Hi @bmeldal The clean solution would be to tparse the host information in the UniProt entry - for example for http://www.uniprot.org/uniprot/P27958#names_and_taxonomy they have this: image

Can this be done ?

Thanks, Pascale

sandraorchard commented 6 years ago

Hi Pascale We have the taxonomy info, and the hierarchy. The issue is what 'pairing' is OK and what is not. For example mammal-virus OK mammal-bacteria OK bacteria-bacteriophage OK bacteriophage-mammal filter out

sandraorchard commented 6 years ago

I can write a fuller list tomorrow to start the discussion, if that helps.

pporrasebi commented 6 years ago

I think Pascale refers to the host information contained on the viral protein entry in UniProt. There we could potentially get a more accurate mapping of host-pathogen pairings. Whether it is worth integrating a parser for this kind of information in our export pipeline is another question.

For my point of view, Sandra's approach would probably give more or less the same results, not sure if we need the specificity Pascale's approach brings in.

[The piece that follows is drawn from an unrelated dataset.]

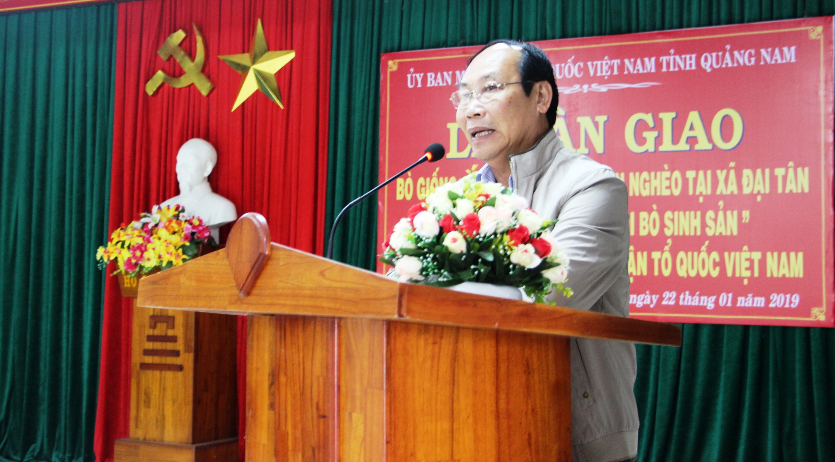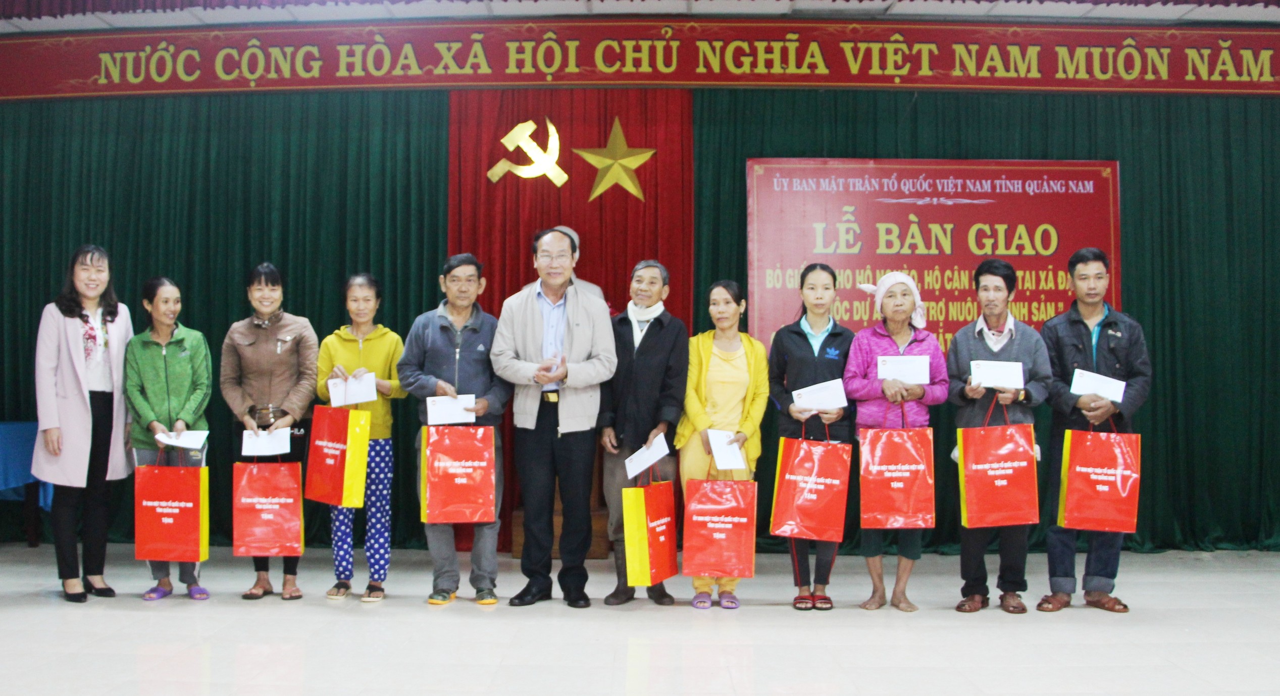 Đến trao bò cho bà con, ông Võ Xuân Ca - UVBTV, Chủ tịch Ủy ban MTTQ Việt Nam tỉnh vô cùng phấn khởi khi thấy đàn bò mà người dân chọn mua rất chất lượng, thể hiện sự quyết tâm của mỗi gia đình khi thực hiện dự án giảm nghèo và phát biểu với bà con: “Đây là nguồn dự án do Ủy ban Trung ương MTTQ Việt Nam phân bổ cho Quảng Nam nhằm giúp đỡ cho các hộ nghèo, hộ cận nghèo có điều kiện phát triển kinh tế, vươn lên thoát nghèo. Vì vậy, các hộ nhận nguồn dự án hôm nay có trách nhiệm chăm sóc đàn bò hiệu quả, mong cho đàn bò sinh sản tốt đem lại lợi nhuận kinh tế, giúp các gia đình thoát nghèo trong năm 2020 góp phần vào thành công của dự án”. Nhân dịp này, ông Võ Xuân Ca cũng đã gửi lời chúc Tết đến 30 hộ gia đình và trao 30 suất quà Tết từ nguồn "Quỹ vì người nghèo" của tỉnh.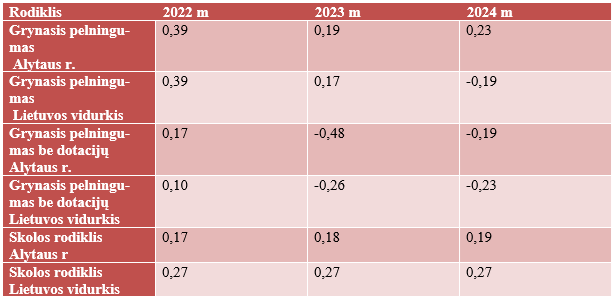 Grynojo pelningumo rodiklis rodo, kiek grynojo pelno uždirbo vienas pardavimo pajamų euras. Šis rodiklis apsiskaičiuojamas: grynasis pelnas dalinamas iš pardavimo pajamų ir pridedamos dotacijos, susijusios su pajamomis. Alytaus r. 2024 m. šis rodiklis buvo 0,23, Lietuvos vidurkis – 0,19. Grynojo pelningumo didėjimui įtakos turėjo grynojo pelno didėjimas, kurį lėmė padidėjusios pardavimo pajamos.

sandraorchard commented 6 years ago

Yes, sorry, didn't read it properly. I was thinking more generic filters would also allow us to get rid of all those saccharomyces-human interactions (we'd have to set that one lower than just fungi, as we'd otherwise loose genuine host-pathogen interactions) and assorted fly/worm-irrelevant species which I suspect are also in there. Should also be extended to the CC line export.

pgaudet commented 6 years ago

Hi @sandraorchard @pporrasebi The problem with the higher level mapping that Sandra suggests is that for example HIV proteins could interact with mouse proteins in vitro, but never in vivo since it's not a host. Depending on the types of experiments you capture they may be a high level of false positives with that approach.

Pascale

pgaudet commented 5 years ago

Hi @sandraorchard @bmeldal @pporrasebi Any further thoughts on this ?

pporrasebi commented 5 years ago

Hi @pgaudet. We need the host-pathogen pairings from GO or UniProt. Once we get this, we can show you how to create the filters needed to select which interspecies interactions to discard and decide together where the filters need to be implemented.

sandraorchard commented 5 years ago

For viral proteins, there is a line (OH) in the flat file describing the host , when known. ID POLG_SVSAP Reviewed; 2280 AA. AC Q672I1;

OS Sapporo virus (isolate GI/Human/Germany/pJG-Sap01) OS (Hu/Dresden/pJG-Sap01/DE). OC Viruses; ssRNA viruses; ssRNA positive-strand viruses, no DNA stage; OC Caliciviridae; Sapovirus. OX NCBI_TaxID=291175; OH NCBI_TaxID=9606; Homo sapiens (Human).

I don't think this exists for anything other than viruses but I can find out

pgaudet commented 5 years ago

Sounds good. I'll keep this open. Thanks ! Pascale

jimhu-tamu commented 5 years ago

Sounds like we might want to add this to the things the multi-organism group is discussing. What do you think @pgaudet?